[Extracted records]
---*---

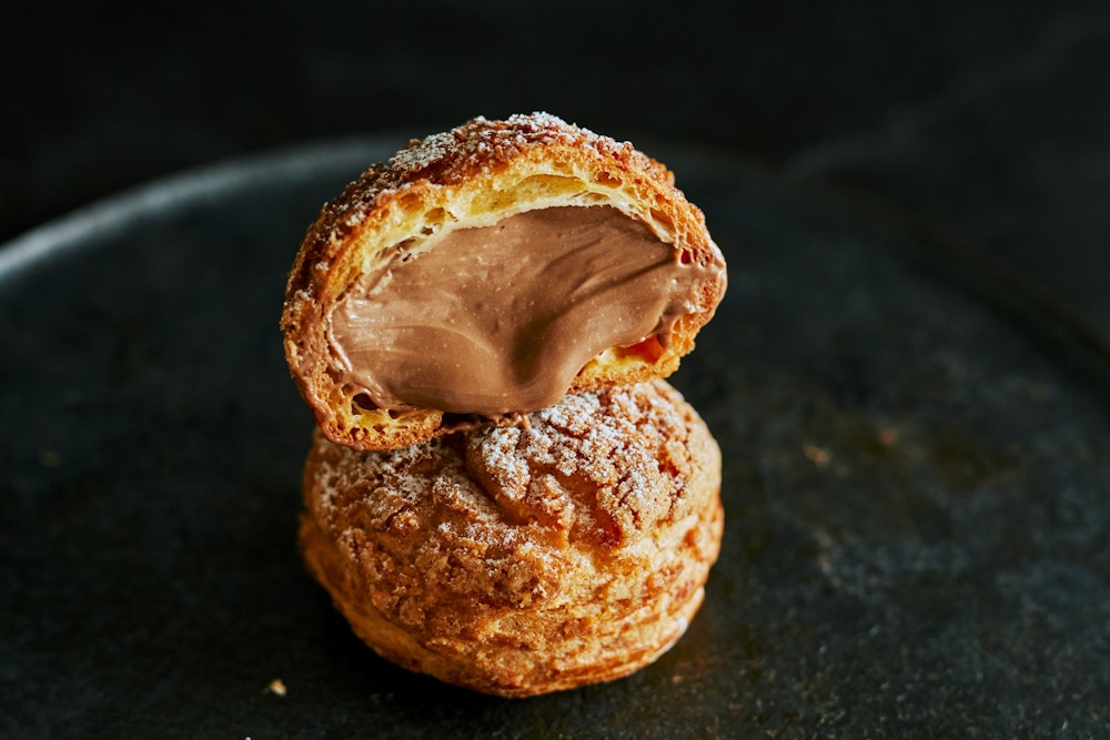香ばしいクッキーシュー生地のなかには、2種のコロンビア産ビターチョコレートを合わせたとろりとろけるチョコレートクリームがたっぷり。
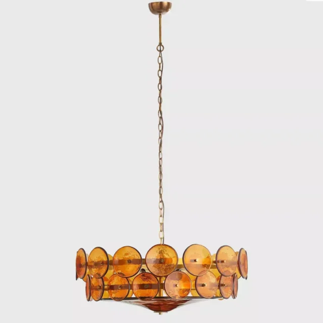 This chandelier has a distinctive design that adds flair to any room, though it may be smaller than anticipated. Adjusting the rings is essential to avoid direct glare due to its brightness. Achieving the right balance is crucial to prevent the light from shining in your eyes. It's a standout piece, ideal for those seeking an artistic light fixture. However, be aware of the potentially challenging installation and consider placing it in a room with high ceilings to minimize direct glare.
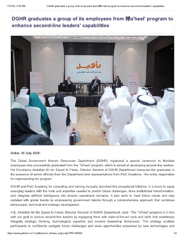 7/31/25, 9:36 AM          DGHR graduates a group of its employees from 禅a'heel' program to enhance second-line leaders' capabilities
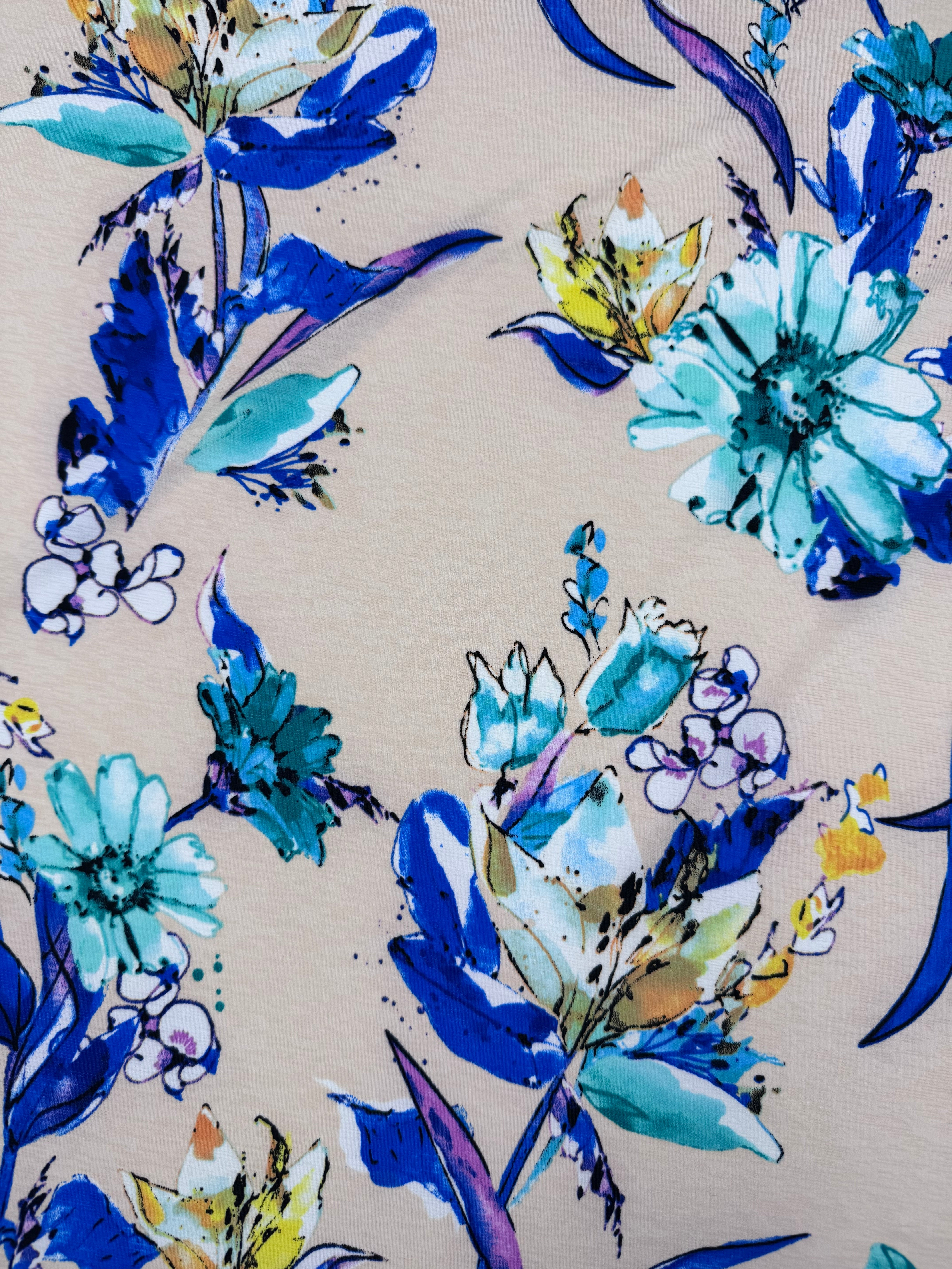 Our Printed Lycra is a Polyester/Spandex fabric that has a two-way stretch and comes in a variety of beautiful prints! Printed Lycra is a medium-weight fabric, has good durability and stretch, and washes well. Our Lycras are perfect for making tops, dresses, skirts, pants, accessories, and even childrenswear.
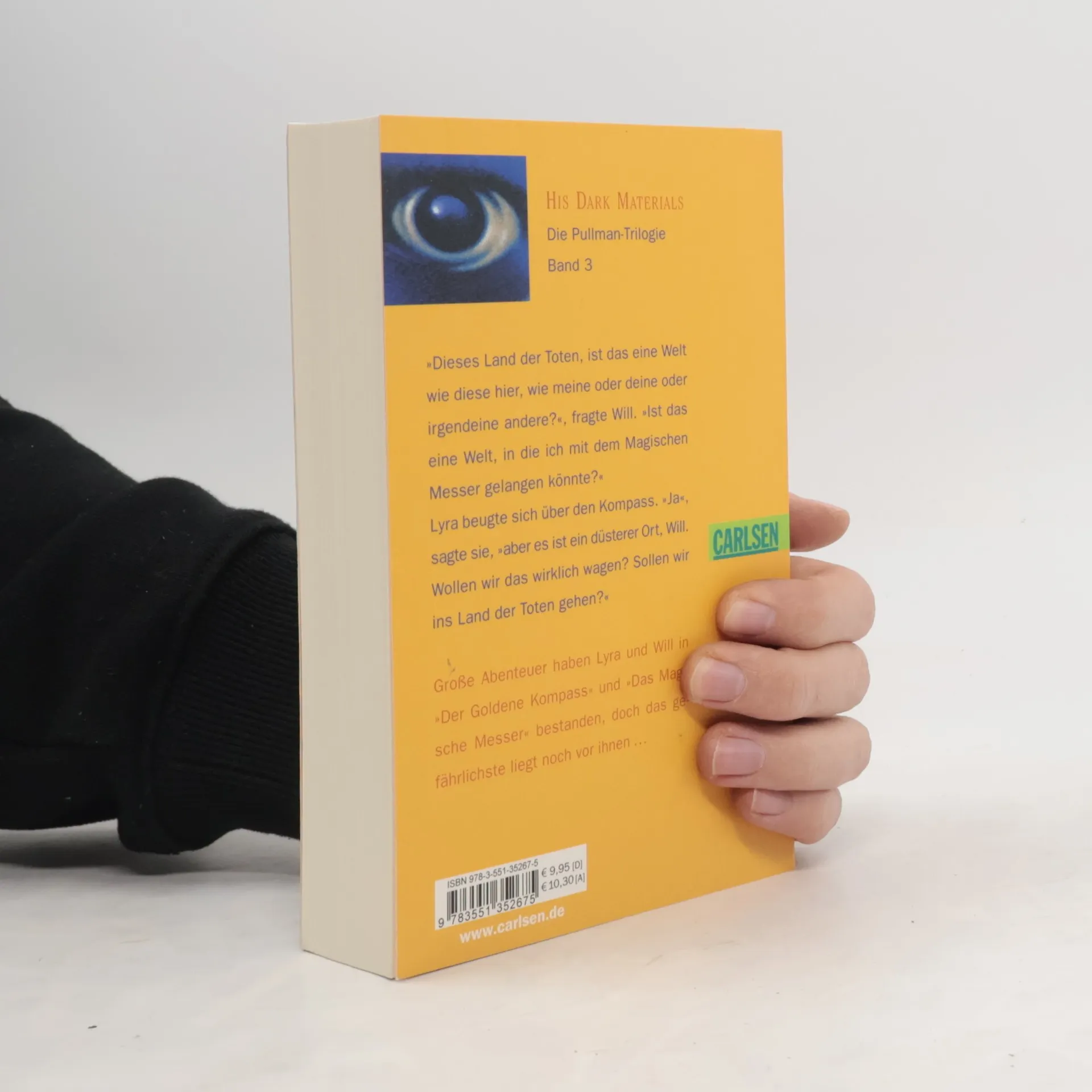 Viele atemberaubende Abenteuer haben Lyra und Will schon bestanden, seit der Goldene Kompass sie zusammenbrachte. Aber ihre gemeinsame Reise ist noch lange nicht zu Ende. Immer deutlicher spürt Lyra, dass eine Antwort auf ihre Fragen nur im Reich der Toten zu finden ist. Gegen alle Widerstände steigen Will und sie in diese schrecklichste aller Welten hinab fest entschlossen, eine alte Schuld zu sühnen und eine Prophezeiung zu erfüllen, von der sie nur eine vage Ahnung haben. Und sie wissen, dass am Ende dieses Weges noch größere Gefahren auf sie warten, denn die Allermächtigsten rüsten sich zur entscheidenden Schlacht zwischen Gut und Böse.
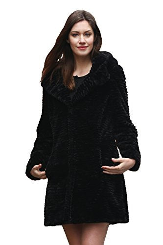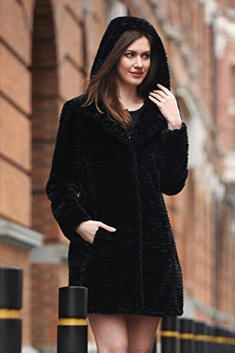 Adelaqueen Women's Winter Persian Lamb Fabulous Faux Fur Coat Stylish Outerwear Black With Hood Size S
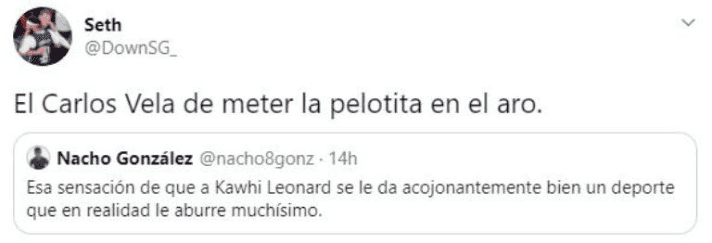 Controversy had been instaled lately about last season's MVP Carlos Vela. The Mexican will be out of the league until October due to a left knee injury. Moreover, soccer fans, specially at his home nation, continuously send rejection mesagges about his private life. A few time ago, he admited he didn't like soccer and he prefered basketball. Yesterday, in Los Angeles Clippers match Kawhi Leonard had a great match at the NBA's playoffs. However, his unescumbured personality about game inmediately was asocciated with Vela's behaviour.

---*---

_WORK TO COMPLETE:_ Leaving out every picture, repeat the records above exactly as they stand.

_ANSWER SECTION:_
香ばしいクッキーシュー生地のなかには、2種のコロンビア産ビターチョコレートを合わせたとろりとろけるチョコレートクリームがたっぷり。
 This chandelier has a distinctive design that adds flair to any room, though it may be smaller than anticipated. Adjusting the rings is essential to avoid direct glare due to its brightness. Achieving the right balance is crucial to prevent the light from shining in your eyes. It's a standout piece, ideal for those seeking an artistic light fixture. However, be aware of the potentially challenging installation and consider placing it in a room with high ceilings to minimize direct glare.
 7/31/25, 9:36 AM          DGHR graduates a group of its employees from 禅a'heel' program to enhance second-line leaders' capabilities
 Our Printed Lycra is a Polyester/Spandex fabric that has a two-way stretch and comes in a variety of beautiful prints! Printed Lycra is a medium-weight fabric, has good durability and stretch, and washes well. Our Lycras are perfect for making tops, dresses, skirts, pants, accessories, and even childrenswear.
 Viele atemberaubende Abenteuer haben Lyra und Will schon bestanden, seit der Goldene Kompass sie zusammenbrachte. Aber ihre gemeinsame Reise ist noch lange nicht zu Ende. Immer deutlicher spürt Lyra, dass eine Antwort auf ihre Fragen nur im Reich der Toten zu finden ist. Gegen alle Widerstände steigen Will und sie in diese schrecklichste aller Welten hinab fest entschlossen, eine alte Schuld zu sühnen und eine Prophezeiung zu erfüllen, von der sie nur eine vage Ahnung haben. Und sie wissen, dass am Ende dieses Weges noch größere Gefahren auf sie warten, denn die Allermächtigsten rüsten sich zur entscheidenden Schlacht zwischen Gut und Böse.
 Adelaqueen Women's Winter Persian Lamb Fabulous Faux Fur Coat Stylish Outerwear Black With Hood Size S
 Controversy had been instaled lately about last season's MVP Carlos Vela. The Mexican will be out of the league until October due to a left knee injury. Moreover, soccer fans, specially at his home nation, continuously send rejection mesagges about his private life. A few time ago, he admited he didn't like soccer and he prefered basketball. Yesterday, in Los Angeles Clippers match Kawhi Leonard had a great match at the NBA's playoffs. However, his unescumbured personality about game inmediately was asocciated with Vela's behaviour.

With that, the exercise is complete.